Nei giorni successivi l'adolescente riceve messaggi di insulti, minacce di stupro e morte. La sua identità, l'indirizzo di casa e il nome del liceo che frequenta vengono pubblicati. Mila e la sua famiglia sporgono denuncia e la studentessa è costretta a lasciare il liceo di Villefontaine. A sua tutela le forze dell'ordine predispongono un programma di "vigilanza particolare".
Con l'hastag JesuisMila centinaia di utenti pubblicano messaggi di sostegno. La procura di Vienne (Isére) archivia la denuncia aperta a suo carico per "provocazione dell'odio religioso", sentenziando che "le sue parole per quanto oltraggiose sono state l'espressione di un'opinione personale nei confronti di una religione, ma senza alcuna volontà di incitare all'odio o alla violenza nei confronti di individui appartenenti a questa confessione o sulla base delle loro origini".
La laicità in gioco
La decisione di giustizia viene accolta con sollievo dalla famiglia di Mila e dai suoi sostenitori, per il "suo valore simbolico importante: la procura ha così ribadito il diritto in merito alla nozione di blasfemia". Per diversi giuristi in questa vicenda è in gioco il diritto di espressione, che in Francia, patria della laicità, riguarda anche le religioni.
A riaccendere le polemiche, la dichiarazione del responsabile del Consiglio francese del culto musulmano, Abdallah Zekri, per il quale "la ragazza deve assumersi le conseguenze delle sue parole. Chi semina vento raccoglie tempesta". Dopo qualche incomprensione all'interno del governo, il ministro dell'Interno Christophe Castaner ha ribadito che "qui e con questo governo non esiste il reato di blasfemia. Dobbiamo rifiutare che, a nome di una pseudo denuncia dell'islamofobia, in Francia non si possa più criticare una religione".

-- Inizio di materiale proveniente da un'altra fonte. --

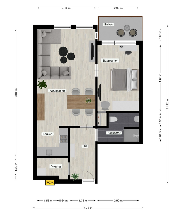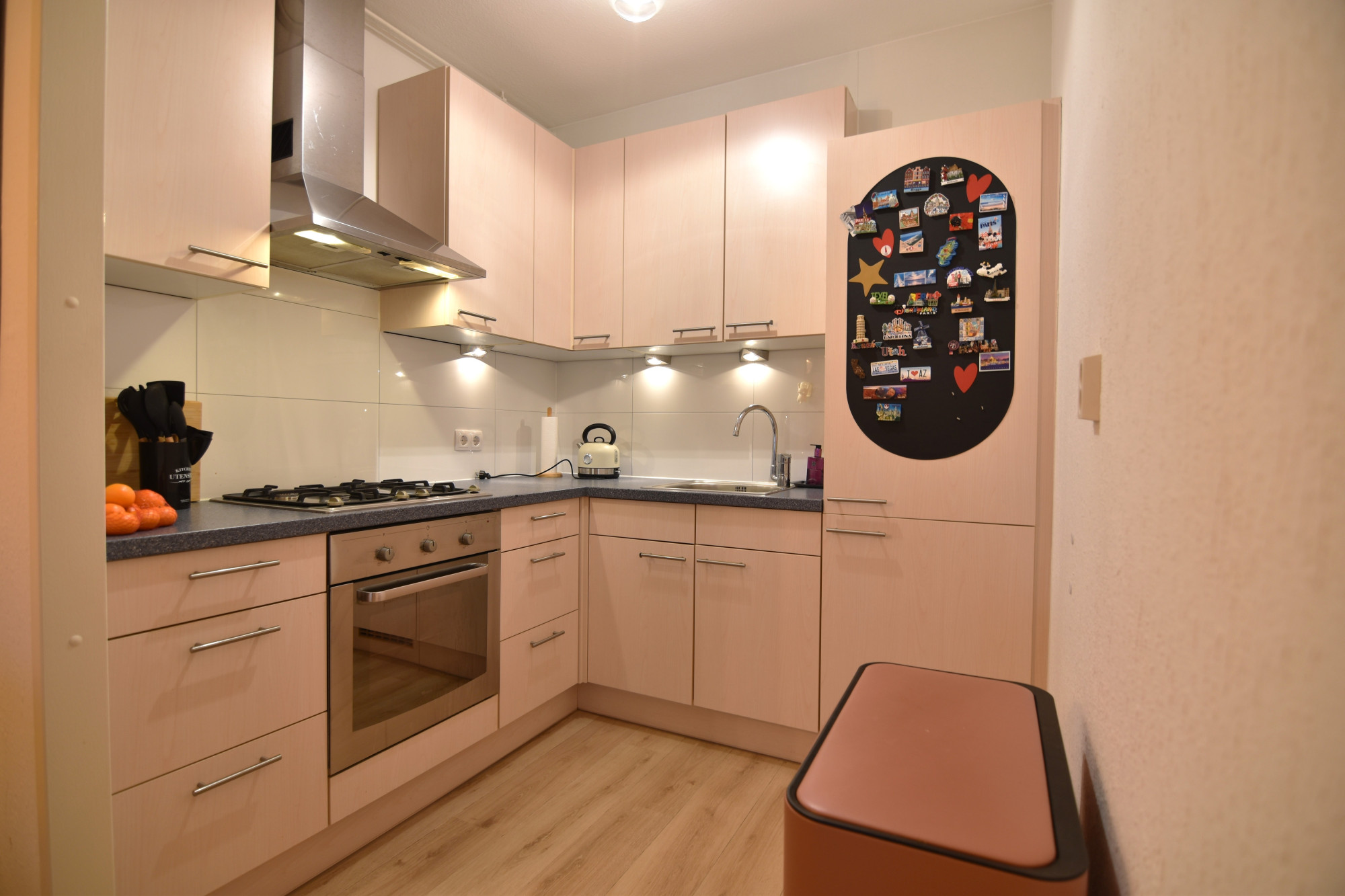 Middels de galerij bereikt men de entree van het appartement. Entree/ hal met toegang tot inpandige berging (2,17 m x 1,22 m), badkamer en living. De ruime woonkamer (ca. 32m2) heeft een open verbinding naar de keuken en middels deur toegang tot slaapkamer. Open keuken ( 2,10 m x 2,10 m) met koelkast, gascomfort, afzuigkap en combi- oven.

Per il ministro della Giustizia Nicole Belloubet, che dapprima ha definito "l'insulto ad una religione un grave attacco alla libertà di coscienza", ha poi sottolineato che "in una democrazia la minaccia di morte è inaccettabile".
La magistratura sta ancora portando avanti l'inchiesta per identificare e incriminare gli autori delle "minacce di morte, molestie e uso dell'identità per ledere la tranquillità e l'onore" della ragazza. Due giorni fa, davanti alle telecamere del programma tv Quotidien Mila si è scusata nei confronti di tutte quelle persone "che praticano la loro religione in pace", assicurando di "non rimpiangere le parole pronunciate".